Una ricerca d’alta quota e a temperature bassissime, che getta le basi per creare nuovi studi per il risanamento di ambienti inquinati e per saperne di più della diversità biologica negli ambienti estremi. L’ha condotta l’istituto di Microbiologia della sede di Piacenza dell’Università Cattolica nel gruppo dell’Ortles-Cevedale, partendo da una evidenza scientifica: i ghiacciai racchiudono, a basse temperature, e in molti casi ad alta quota, organismi viventi. Gli studi effettuati nelle basi scientifiche antartiche e artiche negli ultimi anni hanno evidenziato popolazioni microbiche altamente adattate a questi ambienti estremi.
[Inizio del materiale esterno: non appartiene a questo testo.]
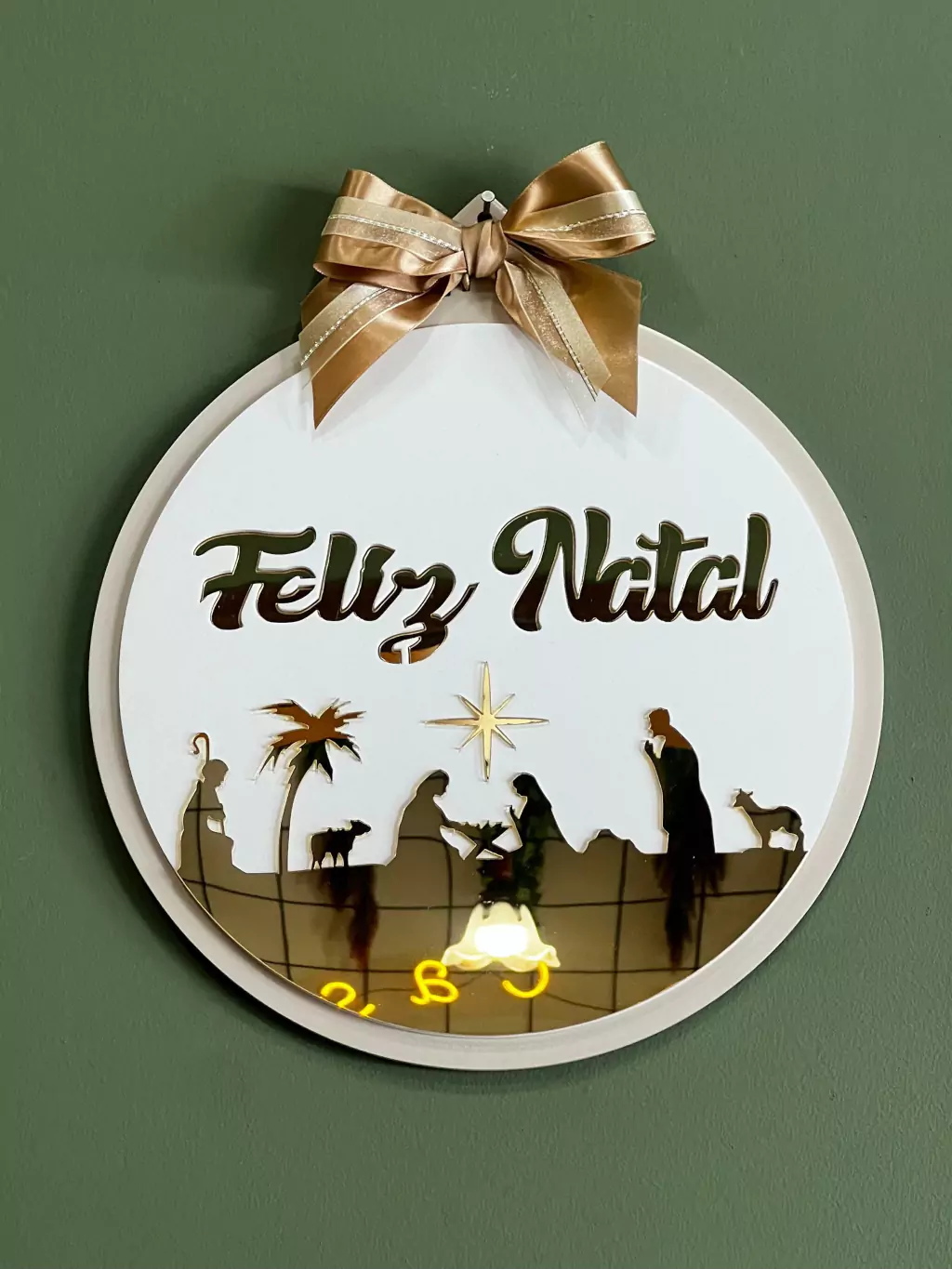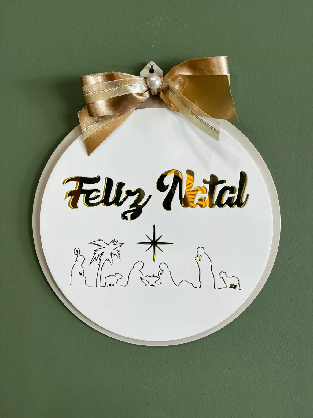 Transforme sua entrada em um verdadeiro espetáculo natalino com nossa placa em MDF, adornada com pintura em laca e detalhes em acrílico espelhado. Com um elegante recorte a laser, a placa exibe as palavras "FELIZ NATAL" e um belíssimo presépio, trazendo um toque especial à sua decoração.

Su questa base i microbiologi della facoltà di Agraria Fabrizio Cappa e Pier Sandro Cocconcelli che, spinti dalla curiosità scientifica e dall’amore per la montagna, hanno progettato studi e ricerche sulla biodiversità microbica nei ghiacciai alpini. «Sono ambienti paradossalmente poco studiati dal punto di vista microbiologico rispetto ad altre aree più oggetto di analisi scientifiche, come ad esempio i ghiacciai dell’Antartide o della Groenlandia», spiega il professor Cappa.

«L’area scelta per l’attività di ricerca, dove poter prendere abbastanza facilmente campioni di ghiaccio senza affrontare costosi problemi di logistica, è stato il ghiacciaio del Madaccio, nel massiccio montuoso dell’Ortles-Cevedale, vicino a Passo Stelvio», sottolinea Cappa, che racconta delle tre uscite sul campo realizzate per prelevare campioni di ghiaccio nell’autunno 2009, 2010 e 2011, in accordo con il Parco Nazionale dello Stelvio e la Provincia Autonoma di Bolzano.
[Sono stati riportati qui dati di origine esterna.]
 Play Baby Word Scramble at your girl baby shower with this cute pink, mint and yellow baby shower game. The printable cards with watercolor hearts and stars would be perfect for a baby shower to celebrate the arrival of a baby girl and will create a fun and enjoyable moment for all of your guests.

Le carote di ghiacciaio del Madaccio sono state prelevate a valle dell’area dello sci estivo di Passo Stelvio, grazie a sonde per il carotaggio appositamente costruite da una ditta Piacentina, la Tecnojoker di Pontenure, e sono stati trasportate, congelate, fino ai laboratori della facoltà di Agraria, per essere analizzate. «I risultati che si stanno ottenendo sono sorprendenti» - afferma Cocconcelli -. L’acqua che si ottiene dalla fusione delle carote di ghiaccio, prelevate a 3.150 metri di quota, contiene una ricca comunità batterica caratterizzata da una elevata biodiversità».

I microrganismi estremofili, la cui definizione deriva proprio dal fatto che vivono bene in condizioni ambientali impensabili per gli altri organismi, sono stati conservati e studiati in laboratorio. Con il sequenziamento del Dna realizzato in facoltà sono stati identificati Frigobacterium sp., Polaromonas sp., Pseudomonas sp., Micrococcus antarticus, tutte specie già identificate in ghiacciai dell’Antartide o nel circolo polare artico. «La presenza di specie identiche in luoghi così distanti ci fornisce indizi sulla storia della Terra, sulla storia delle glaciazioni», sottolinea Cappa. Inoltre le analisi chimiche effettuate dal gruppo di ricerca del professor Marco Trevisan, dell’Istituto di chimica della facoltà di Agraria, hanno mostrato, in diversi campioni, elevati contenuti di inquinanti, idrocarburi policiclici aromatici (derivati della combustione dei derivati del petrolio) ed policlorobifenili (Pcb), provenienti da lubrificanti.

«In questi campioni di ghiaccio - racconta Cappa - è stato isolato un microrganismo che è in grado, anche a basse temperature, di nutrirsi e degradare questi composti organici inquinanti. Adesso bisogna capire, con le adeguate prove di laboratorio, quali siano le sue potenzialità nel risanamento (bioremediation) di ambienti inquinati».

I microrganismi, la loro abilità di sopravvivenza in condizioni climatiche estreme e la loro utilità per l’uomo è un tema di grande fascino, che coinvolge centri di ricerca di tutto il mondo: un gruppo di ricercatori del Regno Unito è in procinto di avviare un progetto di rilevazione di microrganismi da un lago situato a 3 Km di profondità nei ghiacciai antartici ai fini dell’individuazione del possibile impatto del cambio climatico sull’ambiente. La ricerca continua.